Local 7 members, 78 percent of whom voted against the city's proposal, said they were willing to make some contract concessions but wanted a guarantee of no additional layoffs. City officials correctly refused that demand because, as tax revenue dwindles, it would be irresponsible to commit to something the city might not be able to afford.

The city offer called for freezing the pay of more than 800 city workers for two years, followed by a 2 percent raise. Local 7 members also would be required - for the first time - to make medical insurance co-pays ranging from $25 to $55 a month.

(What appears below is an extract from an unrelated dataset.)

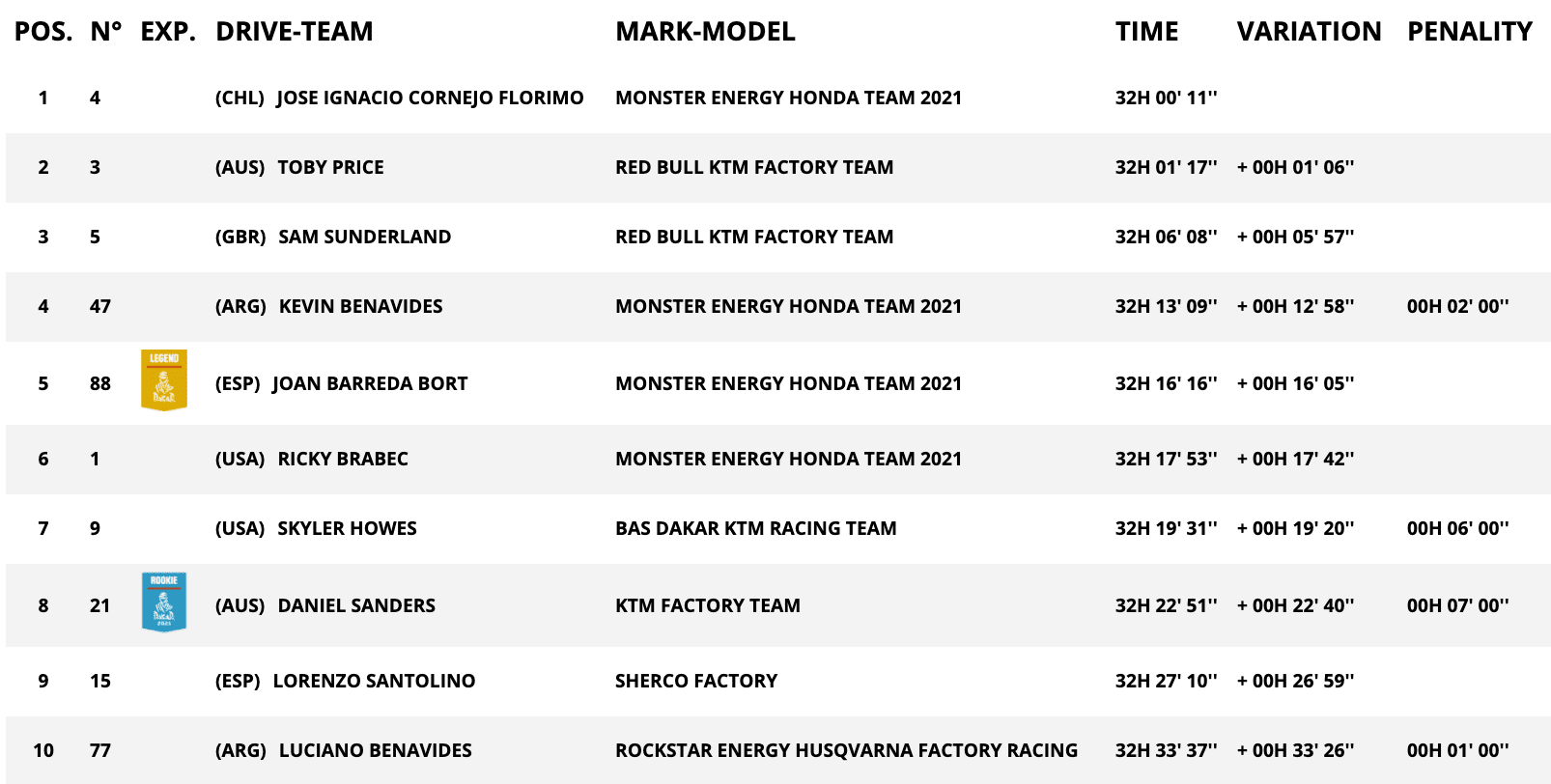 L’assenza del transalpino di Husqvarna modifica la graduatoria generale provvisoria, che ora vede davanti a tutti la Honda di Jose Ignacio Cornejo Florimo. Alle spalle dell’argentino resiste stoicamente Toby Price, 2° con 1’06” di ritardo, con Sam Sunderland che precede le Honda di Kevin Benavides e Joan Barreda. La classifica, a sole 4 Stage dal traguardo di Jeddah, resta comunque piuttosto corta: Ricky Brabec, 6°, è infatti distante poco più di 17′ dal crono complessivo di Cornejo Florimo, e dunque il vincitore della Dakar 2021 sembra ben lontano dall’essere individuato…

We believe the terms are fair under the circumstances. The alternative is a major layoff, which we would think the union would want to avoid. In this regard, Local 7 seems to be emulating the discredited tactics of the United Auto Workers union, which typically has negotiated higher pay and perks at the long-term expense of more jobs for its members.

As for the comment by Don Czerniak, Local 7 president, that the union wants "to be involved in how the money is being spent," we don't think the union can expect to usurp the authority on spending that belongs to City Council.

Union members and their families represent a large voting bloc, to be sure, but it's still up to the elected representatives of the people of Toledo to determine how city money is allocated.

Right now, we don't think hard-pressed Toledoans are in a mood to be overly generous with the unions. Moreover, a strike against the public at this point would be unconscionable.